Task directions =
From the line containing "In den Wooden" to the end of the data, retype every line exactly and nothing else. Drop the pictures.

[Data provided — start]

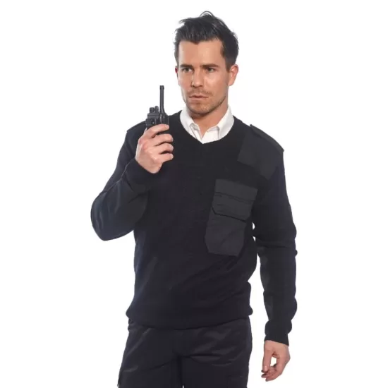 Pulover 100% acrylic, cu umerii si coatele din poliester si bumbac, arici de fixare pe umar si un buzunar pentru pix in partea din fata. Recomandat pentru personalul de paza si security, politie.
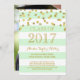 Fotokortsklassen för anpassningsbar i Studenten annonsering 2017 i ljusmynta och vita rand mönster med roligt guld conetti, observera att guld endast har fotografisk effekt.
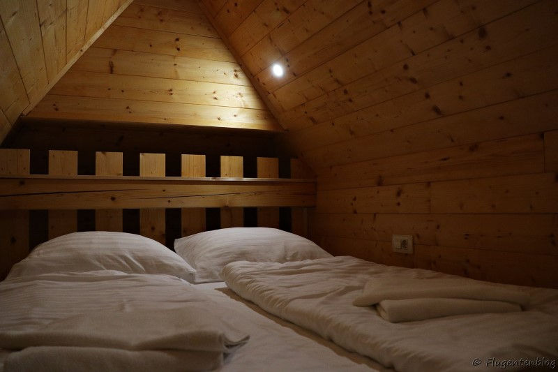 In den Wooden Cottages können jedenfalls vier Personen nächtigen, bei Bedarf kann noch ein Zusatzbett gestellt werden. Also, perfekt für einen Familienurlaub mit Selbstversorgerlaune! Ich durfte die Hütte ganz alleine testen. Tja, wer die Wahl hat, hat die Qual. Letzten Endes entschied ich mich, die Nacht im Obergeschoß, welches über eine steile Holzstiege erreichbar war, zu verbringen. Und was soll ich sagen, die Matratzen lagen zwar auf dem Boden, aber es war total gemütlich und die Holzschrägen sorgten für ein wohliges Flair. Ich sag‘ nur: harte ISO-Matte und beklemmender Schlafsack adé!
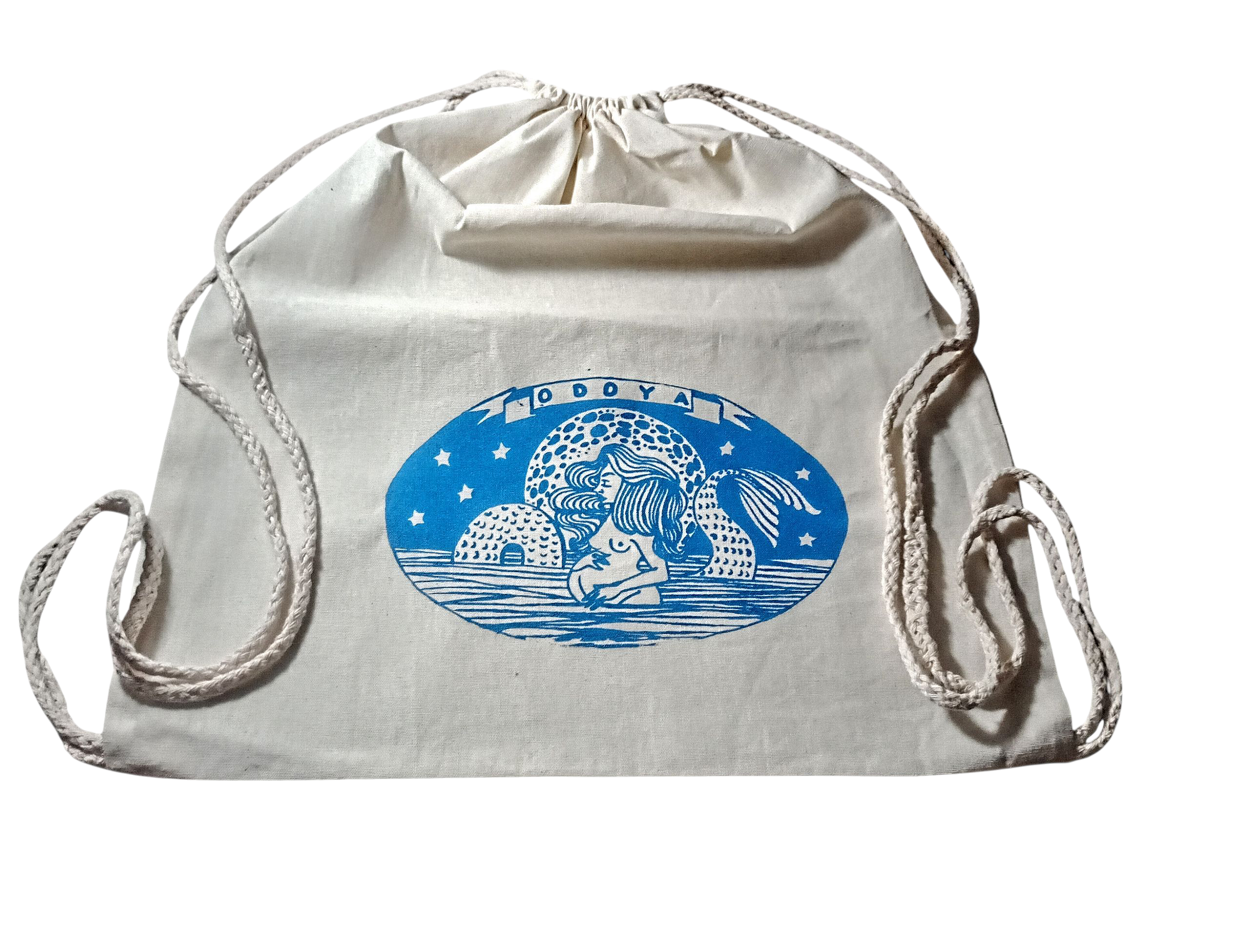 🫧:𓇼 Ecopack (mochila-saco de algodão cru) artesanal de Iemanjá estampada em serigrafia 𓇼:🫧
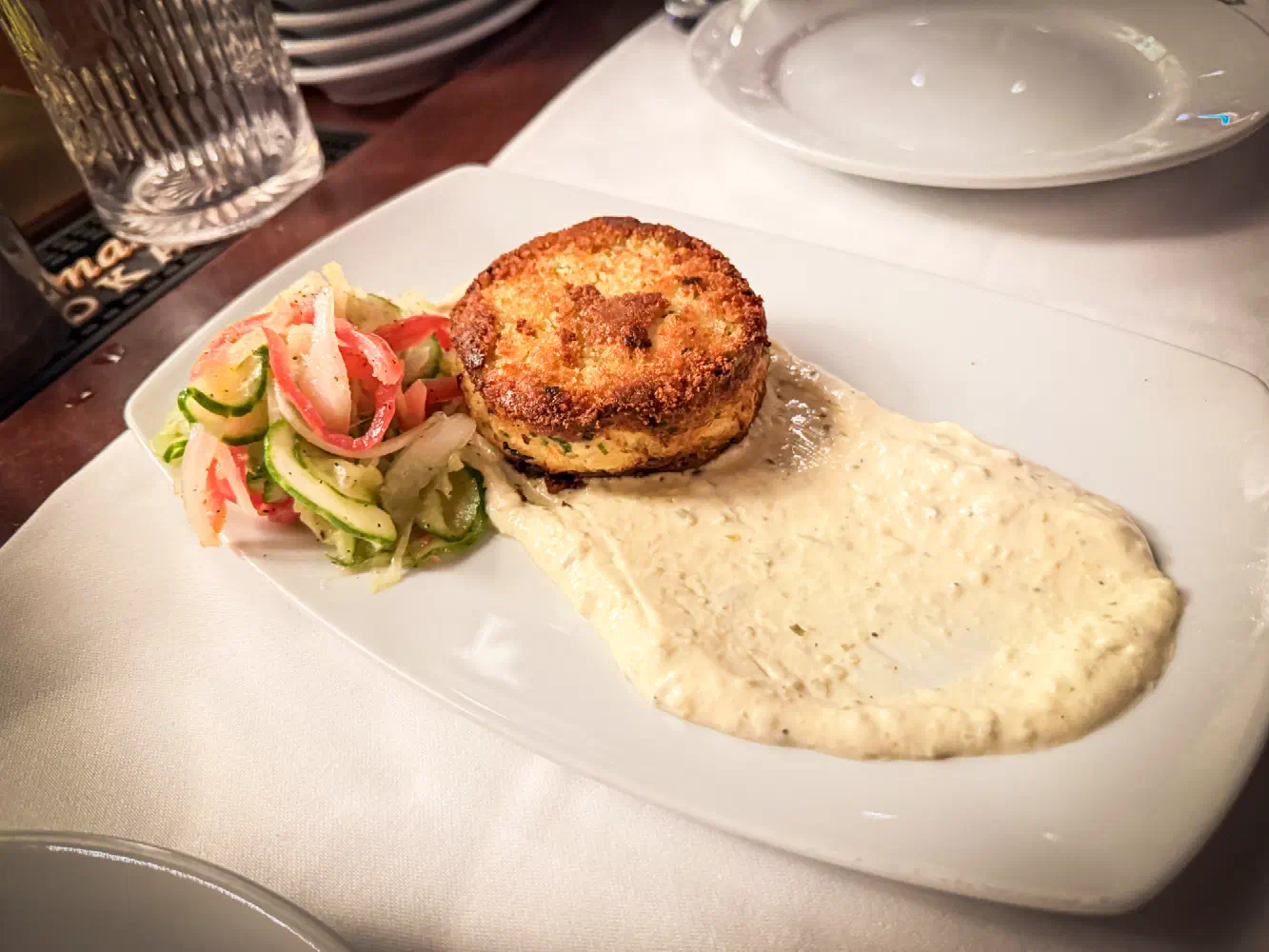 The Jumbo Lump Crab Cake ($27) came with cucumber salad and remoulade. All the ingredients in this are very familiar, so the big question was how was the crab cake. The crab cake tasted OK. There was a lot of crab meat in it, but it tasted as if it was frozen, so it just didn’t taste super fresh. To this day, my favorite crab cake still is at The Grill.
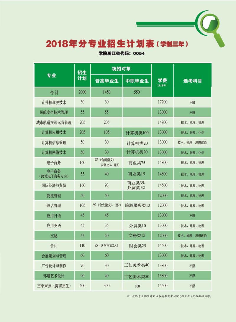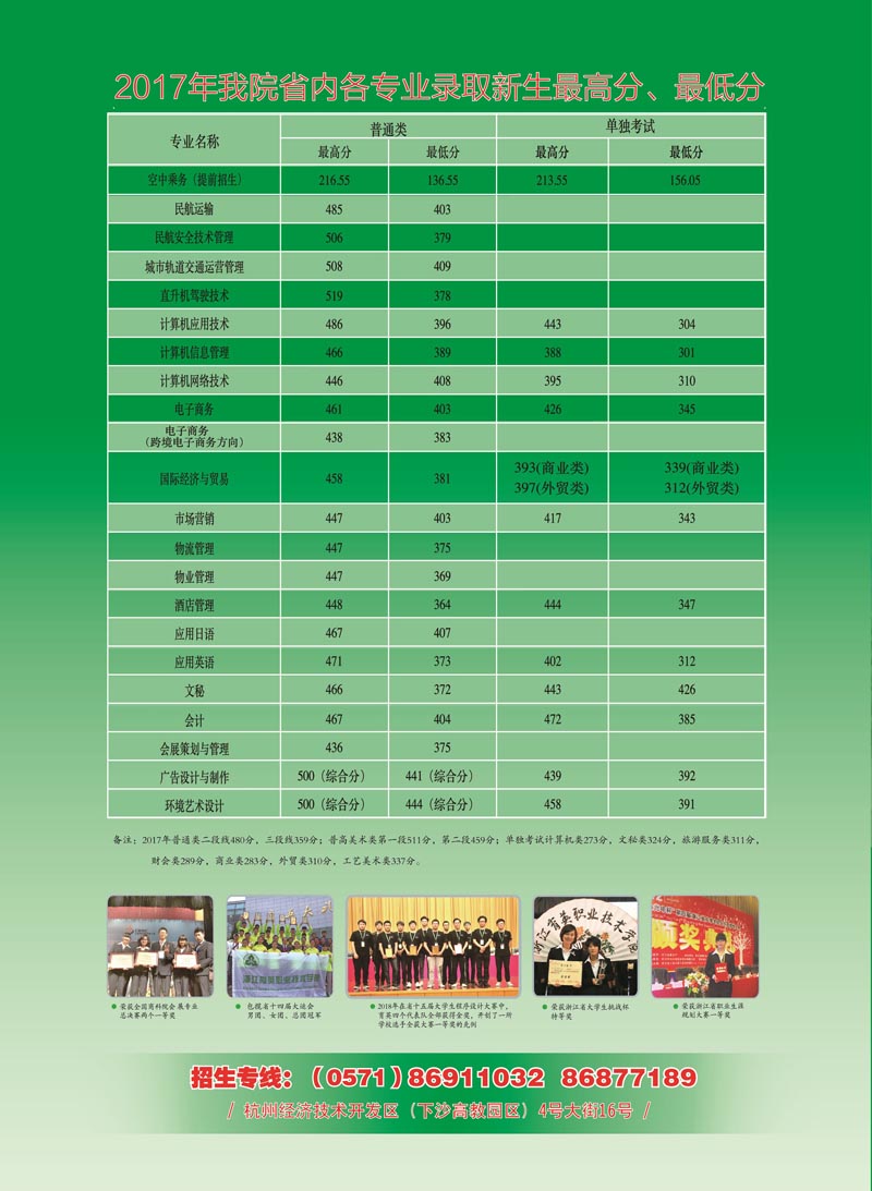 招生咨询 招生公告 报考指南 提前招生 历年分数 2025年招生专栏 录取查询 在线咨询 联系我们 地址:杭州市钱塘区4号大街16号 邮编:310018 电话:0571-86911032、86877189 报考指南 当前位置:首页 >> 招生咨询 >> 报考指南 2018年招生简章(彩页) 时间:2018-06-23

[Data provided — finish]

Reply to the task =
 In den Wooden Cottages können jedenfalls vier Personen nächtigen, bei Bedarf kann noch ein Zusatzbett gestellt werden. Also, perfekt für einen Familienurlaub mit Selbstversorgerlaune! Ich durfte die Hütte ganz alleine testen. Tja, wer die Wahl hat, hat die Qual. Letzten Endes entschied ich mich, die Nacht im Obergeschoß, welches über eine steile Holzstiege erreichbar war, zu verbringen. Und was soll ich sagen, die Matratzen lagen zwar auf dem Boden, aber es war total gemütlich und die Holzschrägen sorgten für ein wohliges Flair. Ich sag‘ nur: harte ISO-Matte und beklemmender Schlafsack adé!
 🫧:𓇼 Ecopack (mochila-saco de algodão cru) artesanal de Iemanjá estampada em serigrafia 𓇼:🫧
 The Jumbo Lump Crab Cake ($27) came with cucumber salad and remoulade. All the ingredients in this are very familiar, so the big question was how was the crab cake. The crab cake tasted OK. There was a lot of crab meat in it, but it tasted as if it was frozen, so it just didn’t taste super fresh. To this day, my favorite crab cake still is at The Grill.
 招生咨询 招生公告 报考指南 提前招生 历年分数 2025年招生专栏 录取查询 在线咨询 联系我们 地址:杭州市钱塘区4号大街16号 邮编:310018 电话:0571-86911032、86877189 报考指南 当前位置:首页 >> 招生咨询 >> 报考指南 2018年招生简章(彩页) 时间:2018-06-23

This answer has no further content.